How to import/read csv file in R server in azure hdinsight ML service

214 Views Asked by At

Overview:
Azure HDInsight
Cluster Type: ML Services (R Server)
Version: R Server 9.1 (HDI 3.6)

I am trying to import a csv file from Azure data storage blob into R server environment. But it's obviously not as easy as I thought it would be or just as easy as locally.

First thing I tried was installing sparklyr package and set connection.

#install.packages("devtools")
#devtools::install_github("rstudio/sparklyr")
install.packages("sparklyr")
library(sparklyr)
sc <- spark_connect(master = "yarn")

But due to an old version installed in HDI, there's an error message.

Error in start_shell(master = master, spark_home = spark_home, spark_version = version,  : 
  sparklyr does not currently support Spark version: 2.1.1.2.6.2.38

Then I tried to use rxSparkConnect but didn't work either.

#Sys.setenv(SPARK_HOME_VERSION="2.1.1.2.6.2.38-1")

cc <- rxSparkConnect(interop = "sparklyr")
sc <- rxGetSparklyrConnection(cc)

orgins <- file.path("wasb://[email protected]","FILENAME.csv")
spark_read_csv(sc,path = origins, name = "df")

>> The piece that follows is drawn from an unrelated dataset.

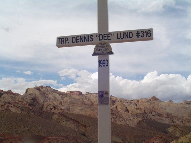 “Dee” Lund joined the Protective Services Section of the Utah Highway Patrol in 1986. He was promoted to Trooper in 1987 and transferred to field operations at Hanksville. He later moved to Green River, Emery County. On June 16, 1993, he was assisting other officers who were attempting to stop a stolen vehicle on Interstate 70. During the high-speed pursuit of the vehicle, three Troopers were fired upon. One of the rounds passed through the windshield of Trooper Lund’s patrol car, striking him in the head and killing him. Two suspects were later arrested and convicted of his murder.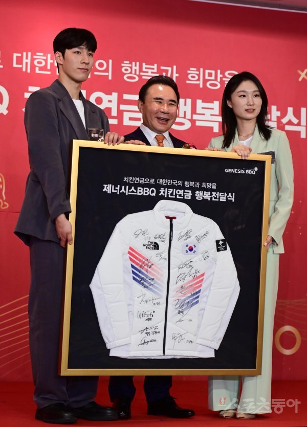 21일 서울 중구 소공동 롯데호텔에서 열린 ‘제너시스BBQ ’치킨연금‘ 행복 전달식에서 쇼트트랙 황대헌과 최민정이 사인한 단복을 윤홍근 BBQ 회장에게 전달하고 있다.

How would you read a csv file from azure storage blob into the r server environment?
I'm a little upset at myself that this is taking so long, and it shouldn't be this complicated, please help me guys! Thanks in advance!
related post 1 related post 2

1

There are 1 best solutions below

0
timxymo1225 On

I found a imperfect work around is to upload the data in the "local" environment in the bottom right corner and simply read the csv file from there.
enter image description here

There's gotta be a better way to do it, since it's a lot of manual work, probably impractical if data size is big and it's a waste of storage blob.